▶ TASK PROMPT: Pictures are to be left out. Copy exactly, and only, the lines from the start of the entries below to the line with "具有優(yōu)良的漆霧控制", both included.

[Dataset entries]
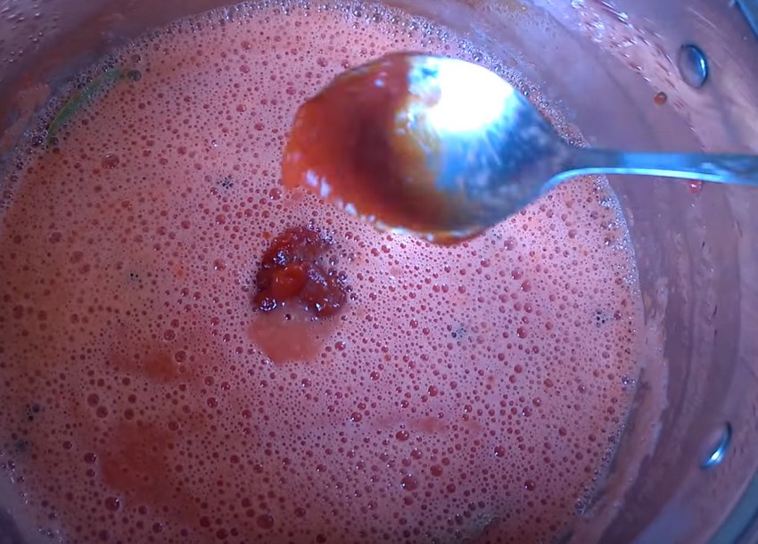 - У велику каструлю влити томатний сік, додати цукор, сіль, олію та оцет. Суміш перемішати, довести до кипіння. Кип'ятити протягом 10 хвилин на невеликому вогні.
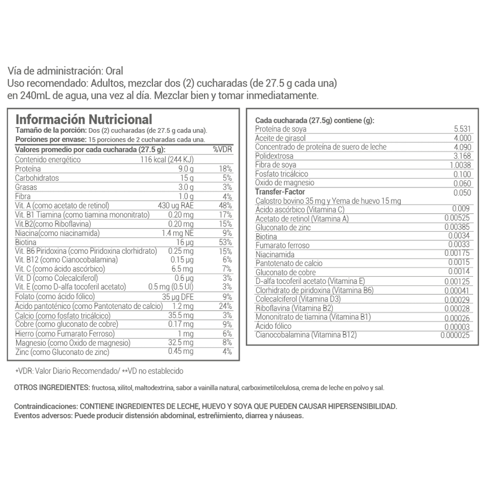 Con solo 120 calorías por porción, su composición incluye saborizantes, edulcorantes y colorantes naturales, ofreciendo un agradable sabor a vainilla para una experiencia deliciosa y saludable
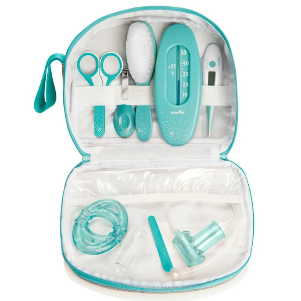 Sættet indeholder 9 forskellige dele, som kommer i en lille ultra smart taske med indre og ydre lommer i forskellige størrelser. Tasken har et stort håndtag, der gør den nem at bære og hænge op, hvorend man er.
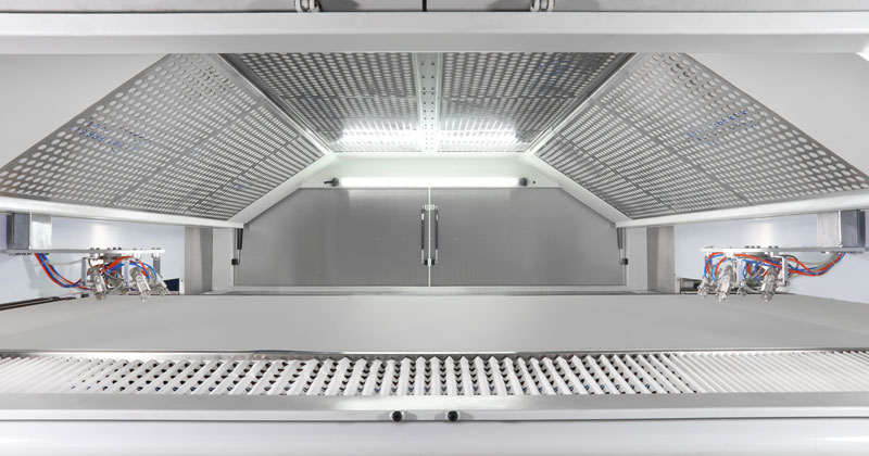 具有優(yōu)良的漆霧控制,自主研發(fā)的多層油漆回收系統(tǒng)讓油漆利用率達(dá)到95%以上,同等產(chǎn)量一年可節(jié)省30%以上的涂料成本,節(jié)省成本。
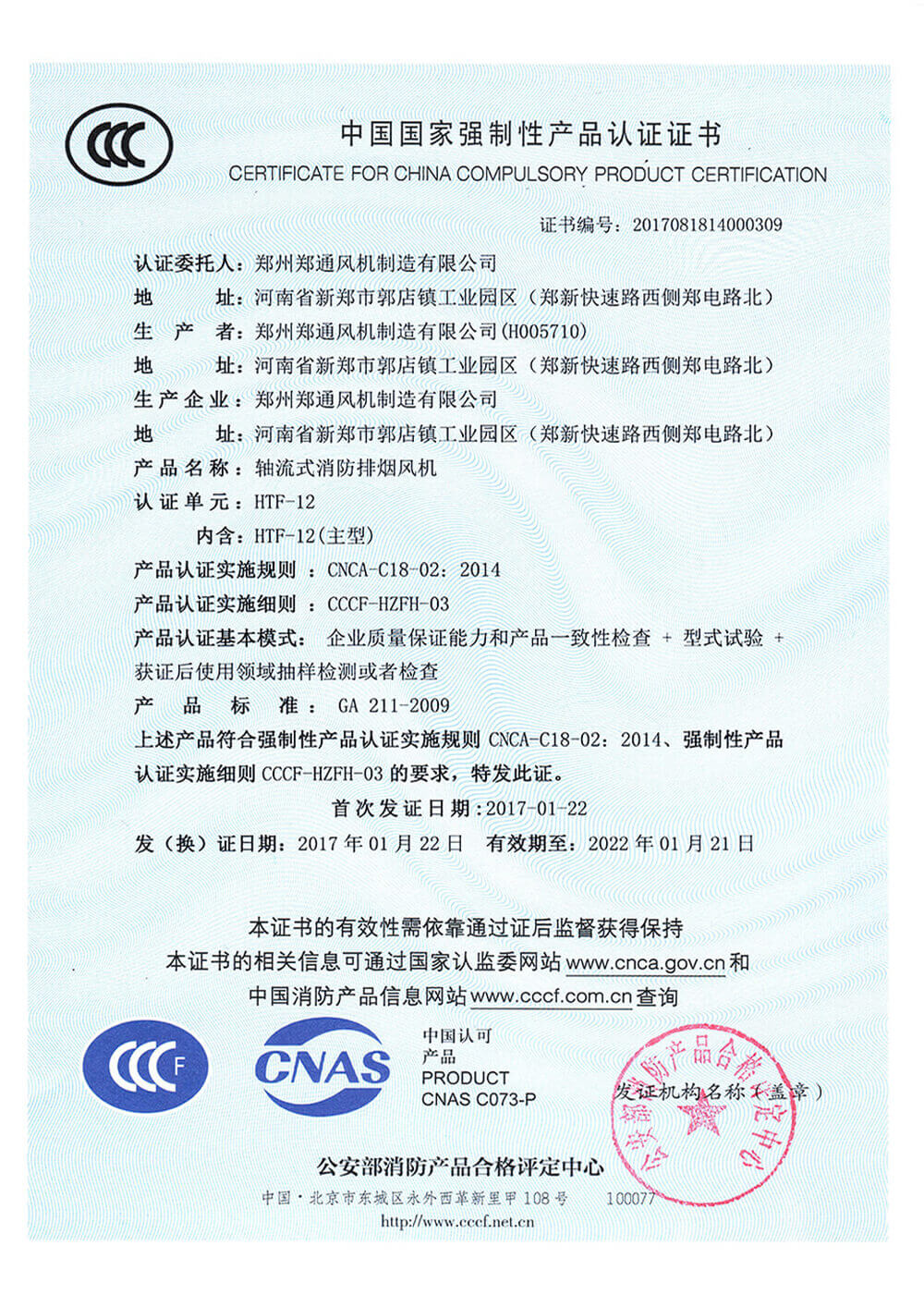 鄭通風(fēng)機(jī)主要產(chǎn)品包括:高壓風(fēng)機(jī)、不銹鋼風(fēng)機(jī)、消防排煙風(fēng)機(jī)、防腐防爆風(fēng)機(jī)、廚房排油煙風(fēng)機(jī)、玻璃鋼風(fēng)機(jī)、鍋爐引風(fēng)機(jī)、軸流風(fēng)機(jī)、柜式離心風(fēng)機(jī)、鍋爐引風(fēng)機(jī),產(chǎn)品通過(guò)ISO9001、ISO14001、ISO45001國(guó)際標(biāo)準(zhǔn)化組織制定的質(zhì)量管理體系認(rèn)證,部分產(chǎn)品通過(guò)了3C認(rèn)證和國(guó)家防爆電器產(chǎn)品質(zhì)量監(jiān)督檢驗(yàn)中心認(rèn)證。
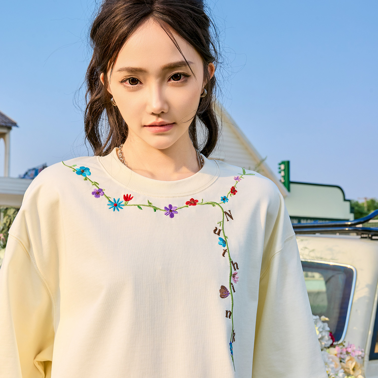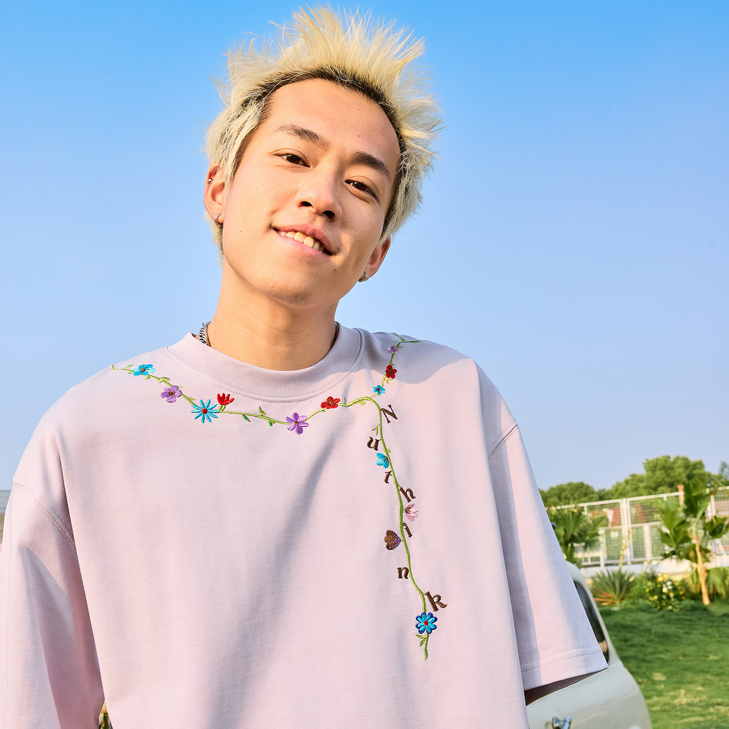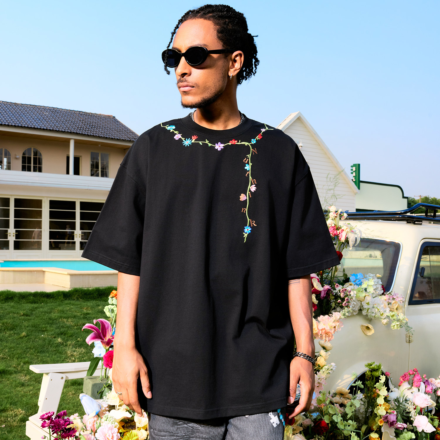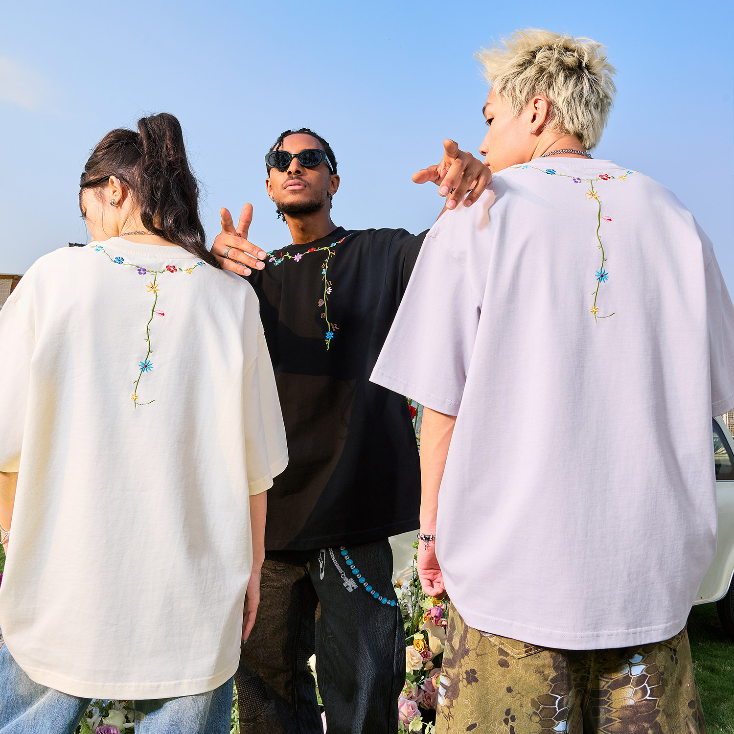 新款 复古潮牌重磅男女情侣2025夏季 T恤美式 Nuthink花卉刺绣短袖
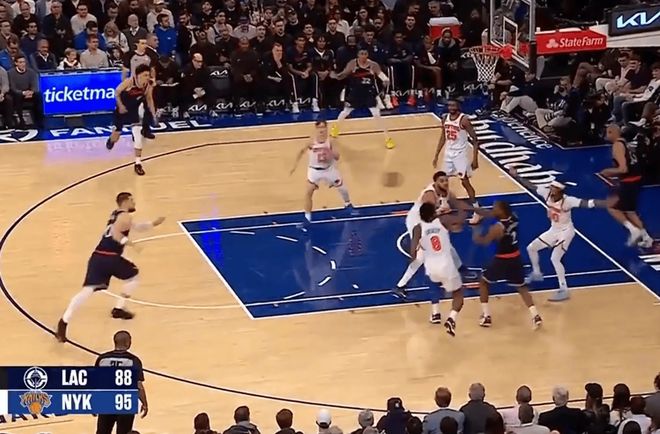 當(dāng)然之所以有這樣的結(jié)果,還是因為他在進攻端的發(fā)揮太糟糕了,這張圖就可以看出來。當(dāng)時倫納德突破到內(nèi)線,尼克斯立馬三個人對其包夾,這樣的畫面在這三場比賽都在展現(xiàn)。即便祖巴茨去外線,他是沒有三分能力的,那么對手肯定可以放棄他這個點。如果到時候洛佩斯在外線,對手根本不敢這么防。

▶ ANSWER BOX:
 - У велику каструлю влити томатний сік, додати цукор, сіль, олію та оцет. Суміш перемішати, довести до кипіння. Кип'ятити протягом 10 хвилин на невеликому вогні.
 Con solo 120 calorías por porción, su composición incluye saborizantes, edulcorantes y colorantes naturales, ofreciendo un agradable sabor a vainilla para una experiencia deliciosa y saludable
 Sættet indeholder 9 forskellige dele, som kommer i en lille ultra smart taske med indre og ydre lommer i forskellige størrelser. Tasken har et stort håndtag, der gør den nem at bære og hænge op, hvorend man er.
 具有優(yōu)良的漆霧控制,自主研發(fā)的多層油漆回收系統(tǒng)讓油漆利用率達(dá)到95%以上,同等產(chǎn)量一年可節(jié)省30%以上的涂料成本,節(jié)省成本。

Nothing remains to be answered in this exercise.